During the last winter season, when birders set out on their annual birding expedition across Goa, they were delighted to have spotted four new species in the state. This has taken the number of listed birds found in Goa to 481, which is almost 37% of the tally of birds listed across India, though it is the smallest state in terms of geographical area.
Malabar starling, chestnut winged cuckoo, great bittern and white browed fantail are the newest bird presence recorded in the state.
The Malabar starling is generally found in southwest India, while chestnut winged cuckoo in South-East Asia. The presence of great bittern or Eurasian bittern is a sub-family of the heron, whereas white browed fantail breeds across tropical regions of Indian sub-continent and South-East Asia. But these birds have been spotted and added to the list of recorded birds found in Goa for the first time.
“With the addition of four species of birds, the richness of Goa’s landscape in supporting avifauna has been highlighted,” Aranya Environment and Research Organisation president Harshada Gawas said.
The recorded bird numbers in Goa stood at 477 at last count, with the last two additions being of the migratory greater flamingo and lesser flamingo.
Goa’s recorded bird species roughly constitute 5% of the total 10,000-odd bird species listed globally.
Goa has around 481 of 1,300 bird species recorded in India
Compare the geographically tiny state’s 481 to the 525 bird species listed in the vast state of Karnataka. This has helped make Goa a popular destination with birdwatchers from India and abroad.
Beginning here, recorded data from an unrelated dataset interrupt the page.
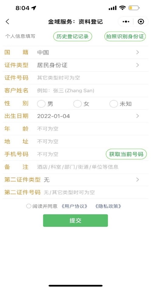 2.点击资料登记,录入个人信息。如已录入过请点击历史登记记录调取个人信息。
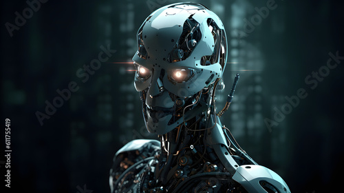 © Marvin Dgn, Naklejka premium gros plan d'un visage de robot aux yeux luisants, généré par IA
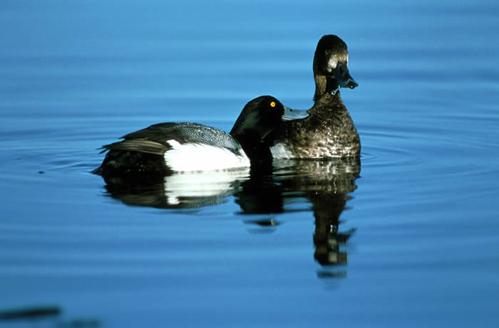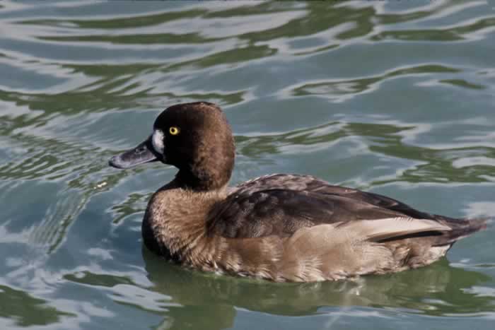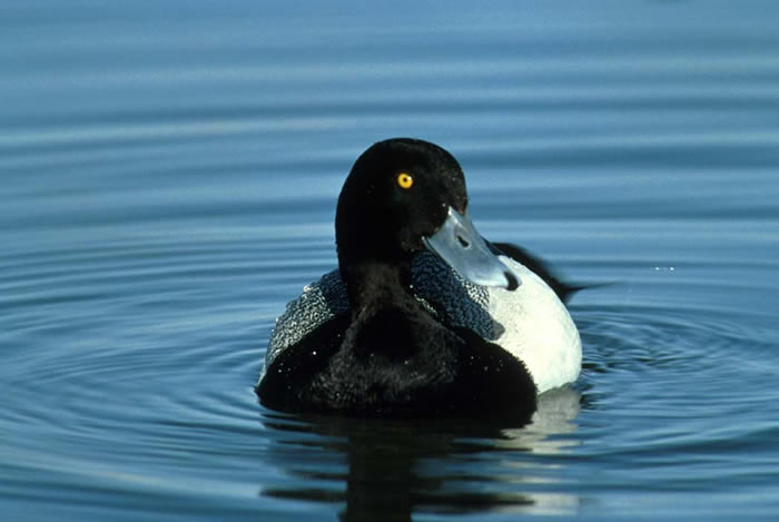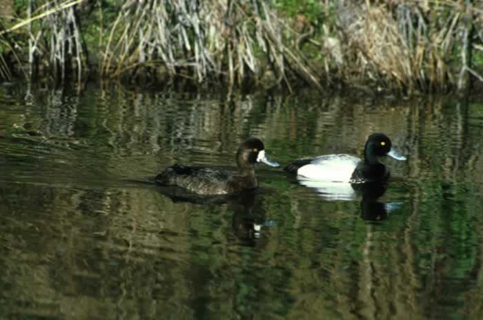 Lesser ScaupThe lesser scaup is a small diving duck. It is 15-18 inches in length with a wingspan of 27-30 inches. It has a slightly pointed head, yellow eyes, and a grayish-blue bill with a small black tip. The male has a black chest and tail and gray sides. He has a purple head that looks black.
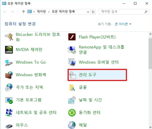 제어판 창이 나타나면 항목 중 관리 도구를 선택합니다. 관리 도구가 보이지 않으면보기 상태를 "큰 아이콘"으로 변경하세요.
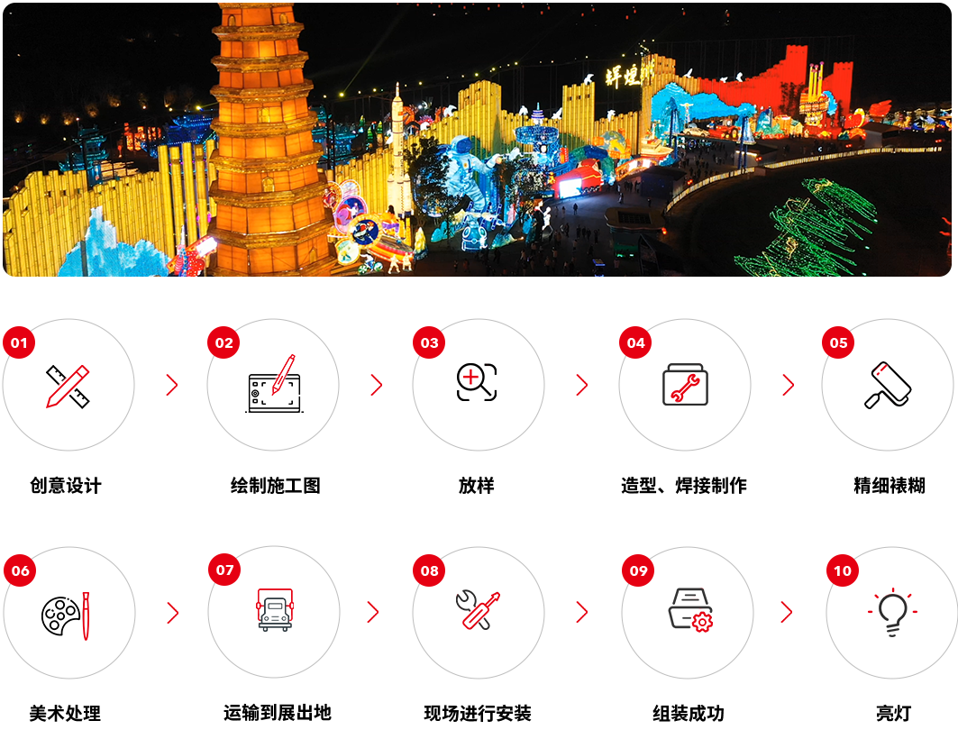 公司的專業(yè)管理團隊擁有30余年管理經(jīng)驗,有成熟的燈會全產(chǎn)業(yè)鏈服務(wù)體系,從事包括燈會選址、彩燈設(shè)計、制作、運輸、安裝、展出、守展、銷售、運營等全產(chǎn)業(yè)鏈業(yè)務(wù)內(nèi)容。
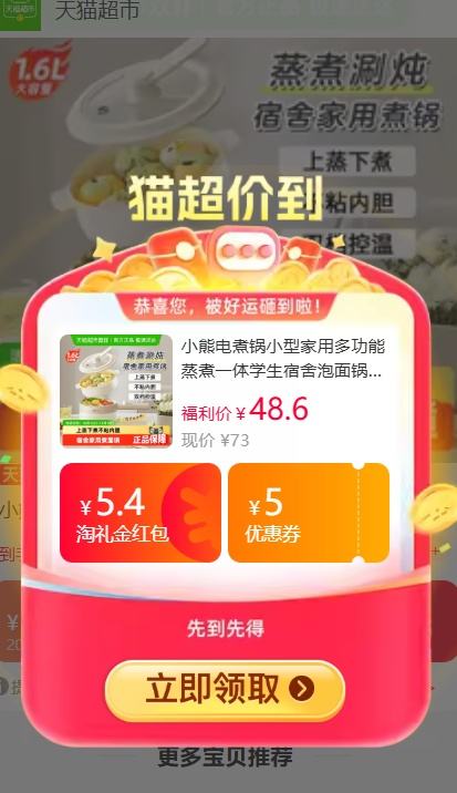 1467.2元2瓶 折合733.6/瓶 历史新低!(需淘金币、充值天猫超市卡)
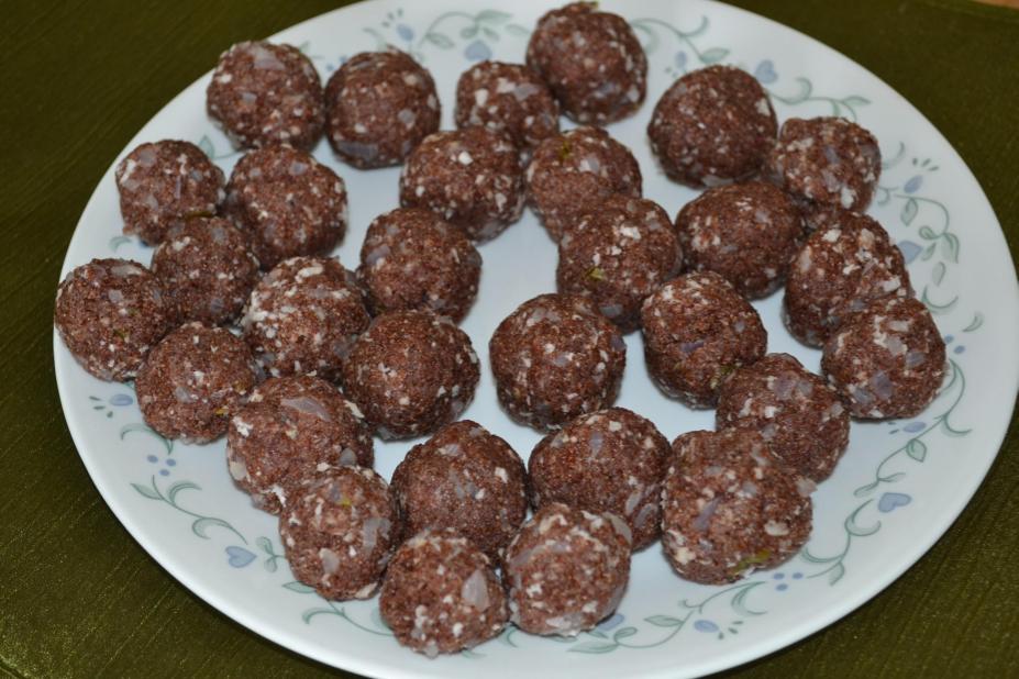 - Then take small amounts of the cooked ragi rawa and shape them into balls and enjoy!

Peru has the largest number of birds listed for any country in the world with its count standing at 2,000, while the recorded bird species in India are between 1,200 and 1,300, of which Goa has nearly 481. “Goa is blessed with a wide variety of habitats and this has made Goa a bird watcher’s paradise. The habitats are very easily accessible and one can travel from the coast to the dense forests within a matter of hours. One is able to sight many of the Western Ghats endemics quite easily here,” Goa Bird Conservation Network’s Omkar Dharwadkar said.
Goa offers a diverse habitat within a small area — the coast, the mid-elevation plateaus and the Western Ghats, which as one of the eight biodiversity hotspots in the world, comparable to the habitats of the Amazon, Congo and Borneo.
The Western Ghats, the coastal plains and mid highlands with creeks, islands, estuaries, rocky headlands, grasslands, marshy land, paddy fields and the hilly forest cover has been offering refuge to varied species of bird, while also attracting many migratory species, largely from eastern Europe, who come here to escape the harsh winter.
The first comprehensive checklist of birds of Goa was meticulously prepared by Heinz Lainer, listing 382 species of birds in 1999. As per the current checklist of birds of Goa, there are 481 species in which 120 are rare, 3 are critically endangered and 13 are vulnerable. The Western Ghats that has four wildlife sanctuaries and one national park is home to 16 species of endemic birds.
In 2018, based on robust rules for verification of all records from Goa, 473 species were published in Indian Birds, authored by Pronoy Baidya and Mandar Bhagat. On November 13, 2020, with the new additions the total species count reached 477.